Nobel-winning economist Robert Shiller is famous for spotting bubbles as they form in different markets. In 2000 he published Irrational Exuberance, a best seller that predicted the imminent bursting of the U.S. stock market bubble that had grown up around the dot-com boom. A few years later, he became one of the first to argue that U.S. real estate prices had similarly gotten out of hand, predicting the real estate and housing bust that began in 2007.
Recently in Boston speaking to the MIT Alumni Association about his new book, Phishing for Phools, written with fellow Nobel laureate George Akerlof, Shiller spoke with senior editor Nanette Byrnes about the role technology plays in the economy, and whether the next bubble might be technology itself.
Your new book is an argument that markets harm as well as help us. What reaction have you had?
On Amazon, we get about three stars out of five. But that’s because some people hate us, they give us one star and that brings it down. I think the best thing to look for on Amazon is a three-star book because that means some people don’t like it. If it’s something that everybody agrees is good, it’s probably not original. So that’s the nature of those rankings, right? That it’s the twos that really influence the number, and maybe that’s part of what we’re seeing in terms of economics in general. The world is filled with rankings now.
The title Phishing for Phools refers to the online phenomenon of phishing e-mails, and the book is about the economics of manipulation and deception broadly, practices you find to be widespread. How does technology play into that?
Technology goes both ways. One thing that’s really wonderful is we have marketplaces on the Web that have reviews by customers. You do learn from them. If someone drives an Uber car and is abusive to passengers, that will be handled very effectively. On the other hand, it creates an opportunity for big data exploitation of your weaknesses. We’re not talking about conspiracies at all. It’s people trying to make a living off of the Internet.

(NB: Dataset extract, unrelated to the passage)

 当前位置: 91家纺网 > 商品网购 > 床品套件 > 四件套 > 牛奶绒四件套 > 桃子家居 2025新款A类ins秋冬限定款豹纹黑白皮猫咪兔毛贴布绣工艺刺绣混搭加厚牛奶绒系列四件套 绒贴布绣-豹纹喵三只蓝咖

You are famous for identifying bubbles in housing, stocks, and other assets. What concerns you today?
If you correct for inflation, home prices are not super high. Not like where we were in 2008. I have more concern about the stock market, particularly the U.S. stock market. The market is highly priced. But the market is hard to predict. I’m worried about it, and I wouldn’t be overly exposed to it, but there are other factors that might be pushing it up, like the very low interest rates.

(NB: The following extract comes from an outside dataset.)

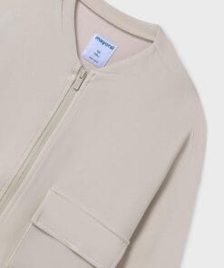 Dívčí bunda Mayoral na zip s kapsami na předním díle, velmi příjemný materiál. Barva písková. 49% viskoza, 44% polyester, 7% elastan

Something that is rarely talked about with regard to market outlook is the fear of inequality that we now have and the fear of technology. There are people that are worried about computers overtaking their jobs. If you ask, “What will your children be doing [for work] in 30 years?” People will say “I have no idea.” Are the jobs that I see around me today going to still be around? I don’t know.

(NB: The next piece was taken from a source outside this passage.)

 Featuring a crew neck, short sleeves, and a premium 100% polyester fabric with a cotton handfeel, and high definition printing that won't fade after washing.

MIT professor Norbert Wiener wrote a book in 1948 called Cybernetics, about computer science. He says at one point, I don’t know what to worry about more, the computer or the atomic bomb. Remember that was three years after Hiroshima and Nagasaki. So what could he mean, the computer is more dangerous than the atomic bomb? Well, exactly this, as he said, that the computer will eventually replace the jobs that people do. And this is already happening.
I view this as the challenge of our time, maybe the most important policy issue facing us, and it’s a difficult one.
The way computer technology is exploding right now with robotics and voice-activated things that answer your questions, translate them into a different language. Where will it be in 10, 20, or 30 years? I think that’s the biggest question facing our society.
The technology advances of recent years have been quite remarkable, and so have the valuations put on startup companies. Are we in a technology investing bubble?
Technology has made the biggest changes in our economy. There are people who are starting to criticize the GDP numbers and the productivity numbers because they are not estimating the impact of this new technology, not capturing it.
There are important changes underway. I’m excited and I think it’s great that we have this entrepreneurial excitement, but it does tend to produce a bubble. It’s like a powerful force, it’s hard to control. And I don’t know that we have to worry too much if we have a tech bubble burst, as long as investors are diversified.